Keeps meaningful tokens contiguous: All valid tokens appear at the beginning of tensors.
Simplifies indexing and operations: Valid token boundaries are easily defined with a single length value.

Right-Padded Generation Example#

Input (right-padded) → Generation → Final (right-padded):

[101, 2054, 2003,    0,    0]  # Original input (length 3)
                ↓
[101, 2054, 2003, 2001, 1996, 4568, 7899,    0]  # After generation
|-- input --|    |----- generation -----|  |pad|

Corresponding logprobs:

[   0,    0,    0, -1.2, -0.8, -1.5, -2.1,    0]
|-- zeros for input --|  |- gen logprobs -|  |pad|

Verify Right Padding#

NeMo RL provides utilities to verify correct padding.

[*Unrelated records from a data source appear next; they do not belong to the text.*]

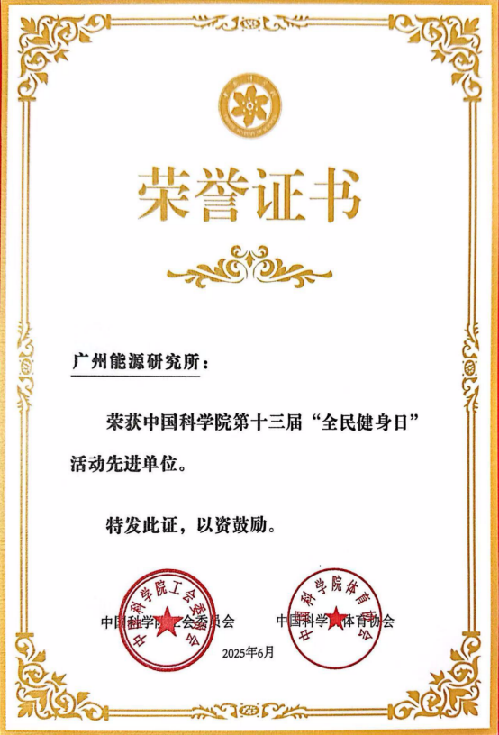 近日,中國科學院體協授予40家院屬單位中國科學院第十三屆“全民健身日”活動先進單位稱號,廣州能源所獲此榮譽。2024年是慶祝中華人民共和國和中國科學院建院75周年,廣州能源所高度重視,精心組織了系列活動。
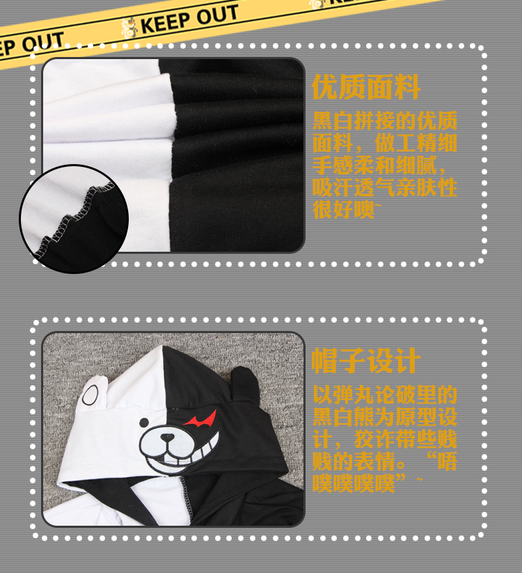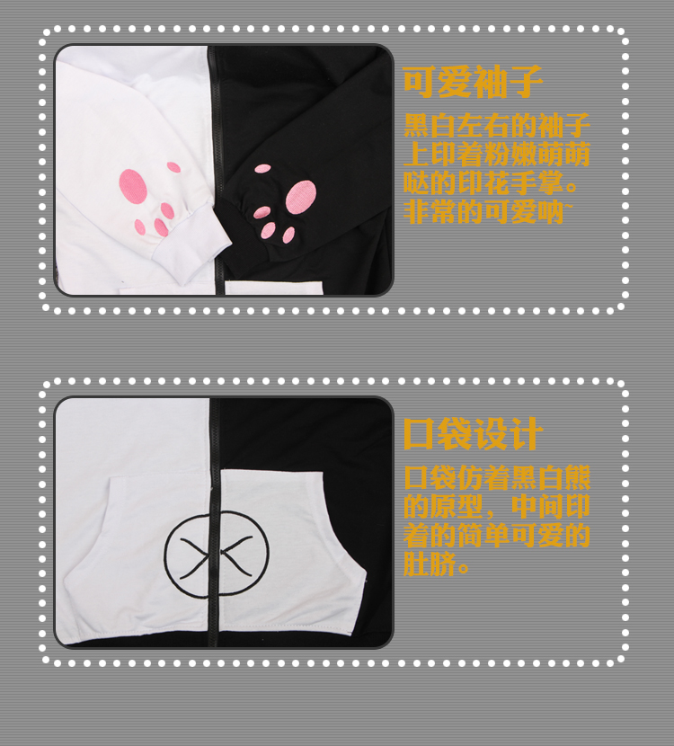 弹丸轮破黑白熊薄款戴帽拉链COS卫衣外套S M L XL XXL XXXL
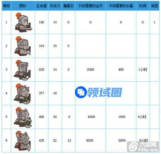 由于短脚步兵攻击距离较短,只有1,所以一般放在部队的第一排,战斗中可适当地增加短脚步兵的人数,随着城堡的升级,我们也会见识到越来越多的兵种和建筑。
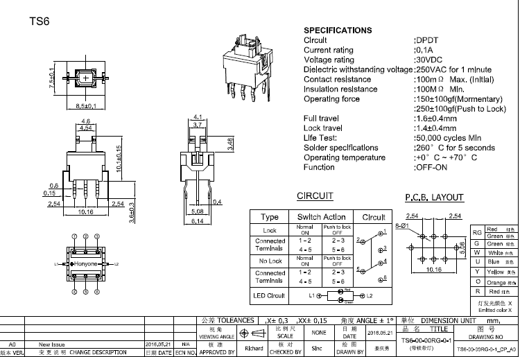 TP2 мгновенные и TPL2 защелкивающиеся ультра-Миниатюрные PCB установленные кнопочные переключатели с биполярными сменными контактами.
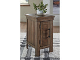 The Moriville Chairside End Table blends rustic charm with everyday functionality. Finished in a warm grayish-brown tone, it features plank-style detailing and a compact design that fits perfectly beside sofas, recliners, or accent chairs. A built-in power outlet and dual USB ports make it a convenient charging station, while the cabinet door offers discreet storage for living-room essentials.
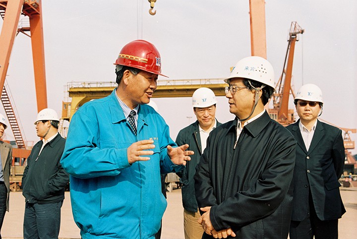 2007年4月12日,浙江省委書記趙洪祝(前右一),對(duì)揚(yáng)帆集團(tuán)的跨越發(fā)展成績(jī)表示肯定,并指出,作為舟山臨港工業(yè)的一個(gè)亮點(diǎn),揚(yáng)帆集團(tuán)應(yīng)該繼續(xù)保持目前的發(fā)展勢(shì)頭以及在國內(nèi)外市場(chǎng)的良好聲譽(yù)和信譽(yù)。
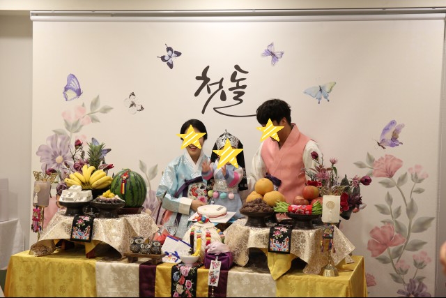 양가 할머님들의 무명실을 걸고 덕담을 해주시는데
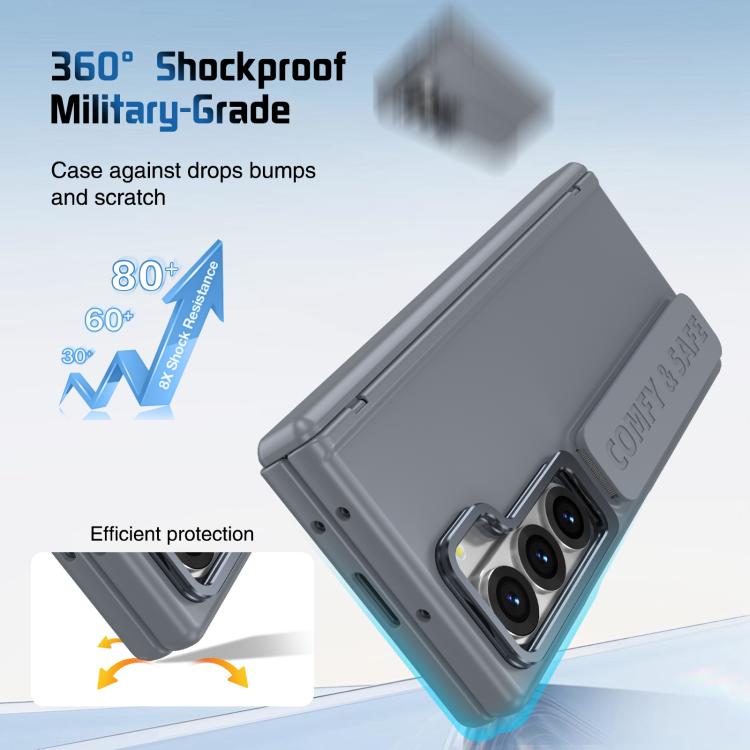 Funda para teléfono con soporte para lente integrada y correa para Samsung Galaxy Z Fold5 (gris)

For example:

import torch
from nemo_rl.distributed.batched_data_dict import BatchedDataDict
from nemo_rl.models.generation.interfaces import verify_right_padding

# For input data (BatchedDataDict containing input_ids and input_lengths)
input_data = BatchedDataDict({
    "input_ids": torch.tensor([
        [101, 2054, 2003, 0, 0],  # Example input sequence
        [101, 2054, 0, 0, 0]       # Another input sequence
    ]),
    "input_lengths": torch.tensor([3, 2])  # Length of each sequence
})

# Check if input data is properly right-padded
is_right_padded, error_msg = verify_right_padding(input_data, pad_value=0)

# For generation output data (BatchedDataDict containing output_ids and generation_lengths)
output_data = BatchedDataDict({
    "output_ids": torch.tensor([
        [101, 2054, 2003, 2001, 1996, 0, 0],  # Example output sequence
        [101, 2054, 2001, 4568, 0, 0, 0]       # Another output sequence
    ]),
    "generation_lengths": torch.tensor([2, 2]),  # Length of generated response
    "unpadded_sequence_lengths": torch.tensor([5, 4])  # Total valid tokens
})

# Check if output data is properly right-padded
is_right_padded, error_msg = verify_right_padding(output_data, pad_value=0)

if not is_right_padded:
    print(f"Padding error: {error_msg}")

The verify_right_padding() function checks that:

All padding (zeros or padding token provided by the user) appears after valid tokens.
The padding starts at the position specified by the length tensor.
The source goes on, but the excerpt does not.